After this had happened to me several times I told the waiter with
gentle irony that he might as well screw the lid back on the casket
and proceed with the obsequies. I told him I was not one of those
morbid people who love to look on the faces of the strange dead.
The funeral could not get under way too soon to suit me. It seemed
to me that this funeral was already several days overdue. That
was what I told him.
In my travels the best place I ever found to get Italian dishes
was a basement restaurant under an old brownstone house on
Forty-seventh Street, in New York. There you might find the typical
dishes of Italy--I defy you to find them in Italy without a
search-warrant.
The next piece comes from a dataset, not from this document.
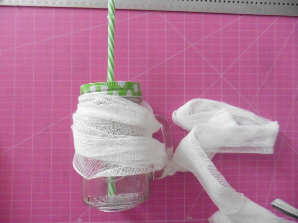 Envolvemos el envase de vidrio con la gasa imitando una momia, abrimos la gasa dejando ver el vidrio o el contenido del envase.

However, while in Italy the tourist may derive
much entertainment and instruction from a careful study of table
manners.
In our own land we produce some reasonably boisterous trenchermen,
and some tolerably careless ones too. Several among us have yet
to learn how to eat corn on the ear and at the same time avoid
corn in the ear. A dish of asparagus has been known to develop
fine acoustic properties, and in certain quarters there is a crying
need for a sound-proof soup; but even so, and admitting these
things as facts, we are but mere beginners in this line when
compared with our European brethren.
In the caskets of memory I shall ever cherish the picture of a
particularly hairy gentleman, apparently of Russian extraction,
who patronized our hotel in Venice one evening.